P.E. Kindermann1,2*, J.A.A. Antolínez1 , O. Morales-Nápoles1
1 Delft University of Technology, The Netherlands; 2 HKV Lijn in water, The Netherlands
* Corresponding author: p.e.kindermann@tudelft.nl
Introduction
The Dutch coast is characterized by dikes, dunes, and structural barriers with low-lying, densely populated hinterland, which makes the area vulnerable to coastal flooding. Extreme storms above the North Sea are the main driver of coastal flood risk in the Netherlands, resulting in high waves and extreme sea levels due to storm surge. Therefore, the reliability of coastal flood forecasting models is of great importance: accurate short-term forecasts (up to 10 days lead time) are necessary for operational decision-making processes (e.g. closing the storm surge barriers on time), while mid-term forecasting (more than 10 days lead time) is useful for the planning of maintenance, for example. Traditionally, storm forecasting relies on numerical weather prediction and hydrodynamic models, but for long lead times computational demands increase significantly. In such cases, machine learning offers a promising alternative. With recent advances in short-, mid-, and long-range forecasting, extensive datasets of simulated weather and hydrodynamic conditions are now available (e.g. Hersbach et al. (2020)). These datasets can be used to train machine learning models for predicting extreme sea levels and to enhance our understanding of the driving mechanisms of extreme sea levels.
Objective and Methods
This study aims to investigate the potential of various clustering techniques for predicting extreme sea level probabilities and unraveling their driving mechanisms. Recently, the Royal Dutch Meteorological Institute (KNMI) generated an extensive dataset of simulated sea levels, using the WAQUA-DCSMv5-model with wind data from SEAS5 (van den Brink & de Valk, 2024). This dataset effectively represents approximately 9,000 years of simulated wind fields and sea level time series, which were used as training dataset. From this dataset, extreme storm events were identified, in terms of associated mean sea level pressure fields over the North Sea and time series of wind speed, wind direction, sea levels, and astronomical tide at six locations along the Dutch coast. Two clustering algorithms—Self-Organizing Maps (SOM) and K-Means—were applied and several clustering approaches were explored: (1) based on the parametrization of storm events into nine storm features, (2) using the full storm time series at point locations, and (3) clustering mean sea level pressure fields over the entire North Sea. These approaches were compared in terms of their ability to estimate sea level probabilities. Besides, the results provided insights into driving mechanisms and interactions between storm characteristics.
Results
As an example, results are presented for the SOM algorithm applied to clustering based on storm features. Figure 1 presents the mean feature values for each node from the trained SOM algorithm for location Vlissingen, with each plot corresponding to one of the nine storm features used for clustering. The nodes (hexagons) represent clusters of storms, and the colors indicate the mean feature values for each node. It can be observed that the SOM algorithm effectively captures several physical relationships. For instance, the plots show that southern (180–270°N) wind directions (lower right plot) are generally associated with higher wind speeds (upper left plot) compared to northern wind directions. However, these high wind speeds only result in significant surge heights for western to northern wind directions, as highlighted by the red square. Notably, a few nodes exhibit relatively high sea levels despite low surge heights as indicated by the purple square in the lower center plot. This can be explained by the minimal time offset between the surge peak and astronomical high tide (right center plot), meaning that the maximum surge (almost) coincides with high tide, which results in high sea levels even if the surge is only moderate.

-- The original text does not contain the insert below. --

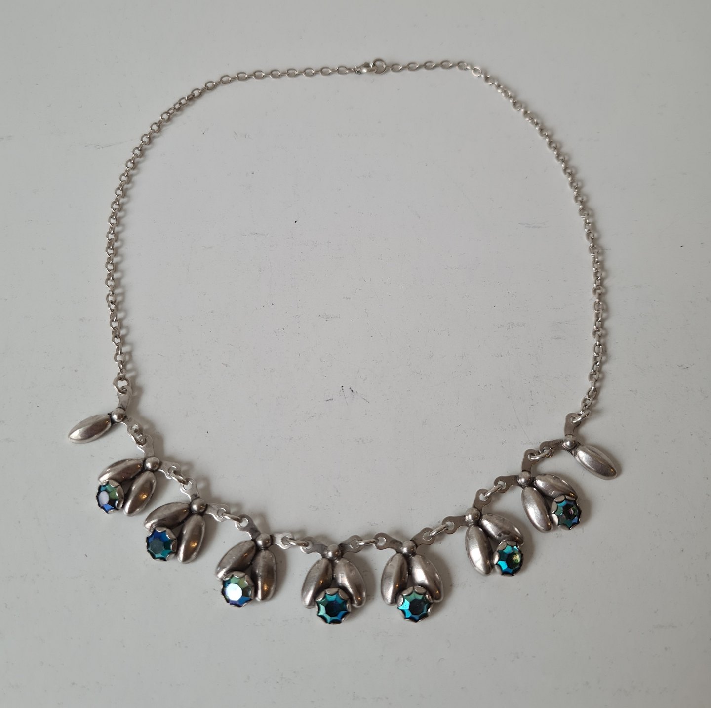 Hermann Siersbøl vintage halskæde i sterlingsølv med lyseblå sten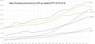 A economia chinesa apresentou um crescimento real anual contínuo do PIB de 5% a 10% desde 1991, de longe a maior taxa do mundo. Começando pobre, tornou-se uma nação rica, com bolsões de pobreza cada vez menores em áreas rurais remotas. Uma migração muito intensa de centenas de milhões de pessoas se mudou das aldeias para as cidades para fornecer força de trabalho. No início de 1992, o líder chinês Deng Xiaoping fez uma série de pronunciamentos políticos com o objetivo de dar um novo impulso e revigorar o processo de reforma econômica. O Congresso Nacional do Partido Comunista apoiou o renovado impulso de Deng por reformas de mercado, afirmando que a principal tarefa na década de 1990 era criar uma "economia de mercado socialista". A continuidade do sistema político, mas uma reforma mais ousada do sistema econômico, foram anunciadas como as marcas registradas do plano de desenvolvimento de 10 anos. O governo de Deng investiu pesadamente na melhoria da infraestrutura de rodovias, metrôs, ferrovias, aeroportos, pontes, represas, aquedutos e outras obras públicas. A China tornou-se a maior fabricante e exportadora do mundo. Problemas importantes, como a poluição e a desigualdade de renda, agravaram-se. Em 2020, o Partido Comunista Chinês, sob o secretário-geral Xi Jinping, estava migrando da indústria para os serviços ao consumidor e a alta tecnologia. Os planejadores esperavam que o crescimento resultante, embora menos rápido, fosse mais sustentável.[56][57]

Feature plots resulting from the trained SOM algorithm for location Vlissingen.
References
Hersbach, H., Bell, B., Berrisford, P., Hirahara, S., Horányi, A., Muñoz‐Sabater, J., ..., Thépaut, J. N., (2020), The ERA5 global reanalysis. Quarterly Journal of the Royal Meteorological Society, 146(730), 1999-2049.
De Valk, C.F., van den Brink, H.W., (2024), An appraisal of the value of simulated weather data for quantifying coastal flood hazard in the Netherlands. EGUsphere. [Preprint].